The vast majority of economists agree that minimum wage hikes create a tradeoff: lost jobs for some, but increased benefits for others. Recent research has investigated the losers in this tradeoff by examining the composition of job loss. After an increase, minority teens, welfare mothers, and other low-skilled adults are displaced from the workforce by middle-class teenagers who are lured to jobs by the higher wage.
In this paper, Florida State University economist David Macpherson identifies the beneficiaries of an increase. His findings on the 1992 New Jersey increase from $4.25 per hour to $5.05 per hour indicate that minimum wage increases do very little to help poor families. Rather, those helped by an increase tend to be young, single, and part of middle and upper income families.

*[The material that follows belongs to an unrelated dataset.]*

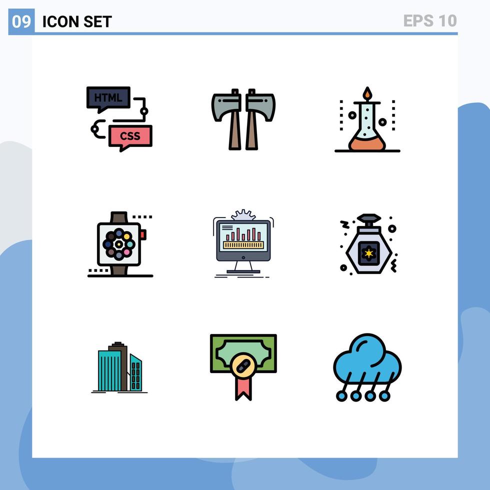 Set of 9 Modern UI Icons Symbols Signs for dashboard smart laboratory devices science lab Editable Vector Design Elements

Macpherson’s thesis — examined by means of the federal government’s 1991 and 1992 Current Population Survey (CPS) Outgoing Rotation Group (ORG) files — is that New Jersey’s minimum wage increase provided little benefit to those it was most intended to help. He finds that the annual family income of minimum wage workers increased by an average of just one percent following the increase. Moreover, fewer than 10% of those who benefited from the raise were in families making less than $10,000 a year. A full 70% were in families making more than $20,000 a year.
By documenting New Jersey’s failure to help the poor through raising its minimum wage, Macpherson demonstrates the wage’s inadequacy as a tool of income redistribution (a point stressed by Bill Clinton in his 1992 presidential campaign). Increased minimum wages dissolve work opportunities for the poor and least-skilled while infusing small, almost insignificant, sums into wealthier families — in New Jersey’s case, the average beneficiary of an increase lived in a family with an annual income of $38,873. Even the 10% of beneficiaries whose family incomes were below $10,000 saw their total family income increase by only 6.9% on average, or $337.
The majority of those on the positive side of the minimum wage tradeoff were young, single, and well above any government poverty threshold. Almost half the beneficiaries in New Jersey were younger than 25; 23.6% were between the ages of 16 and 19, and 20.6% were between 20 and 24. A full 55.9% had never been married. The average family with a minimum wage worker who benefited from the increase had an annual income of almost $40,000. Even the age group which the increase benefited most — those aged 25-34 — only saw a $482, or 1.6%, increase in family income.
Economic research has long shown that the poor and least skilled are often forced out of the workforce by a minimum wage increase. The new evidence presented on the following pages demonstrates that even those who benefit from an increase see very limited income growth.